Looking back at SLC ads and classified ads over the past 165 years … – KSL.com

SALT LAKE CITY — Classified advertisements have come a long way through the years.

Once a staple for newspapers, there are now several websites that provide consumers with what the classifieds have always brought. The internet has served as a community market that classified ads were, where people could turn to find deals, jobs, cars and anything else imaginable.

While the idea of classified ads have not changed one bit in Salt Lake City, the content offered through the years shows how much life has changed over the decades.

The Deseret News began printing on June 21, 1850. In first editions of the paper, advertisements centered around dentistry and blacksmithing. According to an early edition of the paper, it advertisements cost $1 for a half square, $1.50 per square and succeeding insertions cost $0.50 each.

As for classified ads, livestock were an early and common theme of the era. Some were for trades, selling or buying. However, notices to be placed of horses, cows or other animals that had strayed or were possibly stolen were among the most common classified ads in Salt Lake during the 1800s.

A classified ad for a stray colt in the June 22, 1850 edition of the Deseret News. A classified ad from the Sept. 21, 1850 edition of the Deseret News. An advertisement for sheep in the Oct. 5, 1850 edition of the Deseret News. Classified ads in the July 11, 1860 edition of the Deseret News. A classified ad placed in the March 2, 1864 edition of the Deseret News. A classified ad from the March 2, 1864 edition of the Deseret News.

Aside from ads, newspapers would run train schedules in the later 1800s as railroads were built and could carry people across the state.

An ad looking for charcoal that ran in the June 20, 1866 edition of the Deseret News. In addition to livestock, many ads and classified ads from the 1800s focused on things like fuel, shoe making and blacksmithing.

However, as technology changed, so did advertising — not that livestock was completely wiped from classifieds.

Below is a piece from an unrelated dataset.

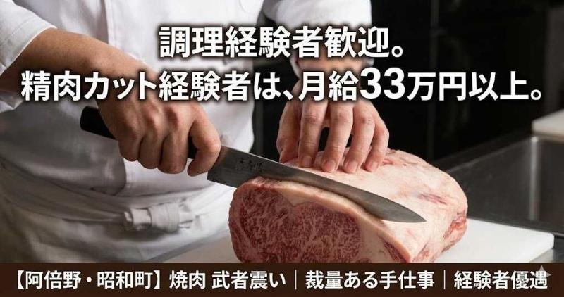 【15時始業×調理技術を活かす】阿倍野・昭和町で愛されて間もなく3年。 上質な和牛と技術で評判の「武者震い」は、スタッフのゆとりを大切にする店です。ランチなしの15時出勤だから、午前中は完全自由。専用スクーター貸与など、深夜の帰宅まで配慮を惜しみません。あなたの調理経験をここで活かしませんか?

When automobiles became more prevalent at the turn of the 20th century, ads began focusing on the growing car sector of the community. Ads featured all sorts of auto service specialists in the 1910s.

An ad that ran in the May 2, 1919 edition of the Deseret News.

By the 1920s, 30s and 40s, classified ads caught up as the popularity of owning automobiles grew and individuals began to buy and sell cars from each other.

A series of classified ads that ran in the Jan. 1, 1942 edition of the Deseret News.

As the years went on, the size of the paper grew and the amount of advertisements rose with it. By the late 1940s, 50s and 60s, multiple full pages were dedicated to classified ads only — whereas the first editions of the entire paper were just four or five pages long. By then, a good chunk of ads involved housing as people began moving to suburbs.

A cluster of classified ads for housing in the Oct. 6, 1961 edition of the Deseret News.

Ads focused on the growing popularity of television sets and other appliances around the 1950s.

An ad that ran in an early 1950s edition of the Deseret News. An ad that ran in a 1956 edition of the Deseret News.

By the 1980s and 1990s, ads focused on computers and cell phones.

An ad that ran int the Feb. 1, 1995 edition of the Deseret News.

Of course, nowadays everything can be found online with just one click of a button. Online classified advertisements tailor to all sorts of products.